After looking at so many houses that just didn’t work for us, I couldn’t see what in the world God was doing. How could any house be better than one we had designed to meet our unique needs?

I prayed very specifically, yet I felt bad for asking for some of the things I was asking for. I kept trying to stop myself from praying for a house with two dishwashers. What house has two dishwashers?? Couldn’t I just be content with a house – any house that would humbly take care of us?

I kept saying, “God, I want to be content with what you have planned for us. I just want to want what you want me to want.”

He replied, “I have big plans for you and for how I will use your home. Stop feeling guilty for wanting what I want you to want.” So it seemed that He had put a vision on my heart and that I wasn’t being greedy or selfish in my requests. But still. Did such a house exist that would accommodate everything on my list?

Then I stumbled onto this.

We found this unique home for sale, and it meets our needs and more (for less than the cost of everything we had found that was much smaller).

It is a historic building/home that has been run as a Bed and Breakfast. It was so different that I almost didn’t even click over to look at it. But we love brick exterior, plus Matt had always joked about wanting a castle. This house looked like a castle. Sure, I’ll click. Why not?

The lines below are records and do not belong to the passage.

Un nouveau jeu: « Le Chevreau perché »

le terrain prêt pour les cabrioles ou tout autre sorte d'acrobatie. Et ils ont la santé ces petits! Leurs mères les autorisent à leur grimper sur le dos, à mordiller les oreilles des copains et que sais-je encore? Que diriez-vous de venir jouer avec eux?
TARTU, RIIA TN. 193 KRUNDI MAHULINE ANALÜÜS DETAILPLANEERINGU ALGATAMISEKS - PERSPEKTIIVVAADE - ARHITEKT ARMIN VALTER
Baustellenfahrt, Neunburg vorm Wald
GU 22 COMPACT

As I looked at all the pictures of the rooms, I was incredulous. It was everything. It was more than everything. And the opportunities this place could allow for ministry and outreach? Well, we don’t even know yet, but we know God is up to something.

I jokingly told Matt, “Hey, I found your castle!”

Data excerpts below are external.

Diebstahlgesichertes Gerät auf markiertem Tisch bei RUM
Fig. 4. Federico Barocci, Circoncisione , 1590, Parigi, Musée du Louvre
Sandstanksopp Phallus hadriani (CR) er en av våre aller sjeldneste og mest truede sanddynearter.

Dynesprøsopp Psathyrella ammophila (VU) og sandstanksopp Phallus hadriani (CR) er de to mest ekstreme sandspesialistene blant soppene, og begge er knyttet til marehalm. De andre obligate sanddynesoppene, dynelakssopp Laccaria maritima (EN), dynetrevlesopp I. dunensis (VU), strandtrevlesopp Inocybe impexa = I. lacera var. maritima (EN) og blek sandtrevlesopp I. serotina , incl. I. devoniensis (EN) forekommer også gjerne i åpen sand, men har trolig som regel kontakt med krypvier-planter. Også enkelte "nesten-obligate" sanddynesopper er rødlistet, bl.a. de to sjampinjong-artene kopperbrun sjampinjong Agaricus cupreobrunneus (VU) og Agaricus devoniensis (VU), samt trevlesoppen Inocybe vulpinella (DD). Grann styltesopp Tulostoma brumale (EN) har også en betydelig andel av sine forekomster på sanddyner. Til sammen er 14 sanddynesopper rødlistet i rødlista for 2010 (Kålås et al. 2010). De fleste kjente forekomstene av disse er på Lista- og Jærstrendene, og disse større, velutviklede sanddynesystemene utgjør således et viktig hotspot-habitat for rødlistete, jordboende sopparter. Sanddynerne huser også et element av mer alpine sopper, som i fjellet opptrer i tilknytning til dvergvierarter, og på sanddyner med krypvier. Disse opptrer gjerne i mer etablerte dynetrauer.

Our laughter soon turned serious as we prayed about whether or not this could be the house for us. It’s huge – over 7,000 square feet with 9 bedrooms and 10 bathrooms. Amazing! But how would we keep it clean? Would we lose the children on the third floor? The basement? This house was awesome, but was it too much for us?

Or was it just right?

We prayed. I cried (of course). My biggest prayer was that I wasn’t being selfish or greedy. I truly want a functional home for our family – one that I can set up well to meet our needs, especially in the kitchen. And even more for whatever it is God wants us to do for people beyond our family.

Matt and I made an appointment to walk through it. We walked in and I knew it was what God had for us. Be very proud of me – I didn’t cry. Not even once. Not even when I walked into the kitchen.

It was all I could do to keep my jaw off the floor. Our daughter-in-law, Eva, was with us and we just stood in that kitchen in amazement. It is huge. Big enough for multiple adults and children to work together at the same time. This is what we need.

Dear ones, this kitchen has two dishwashers.

It also has the very same range/oven I wanted to put into the house we were planning to build. The very same one.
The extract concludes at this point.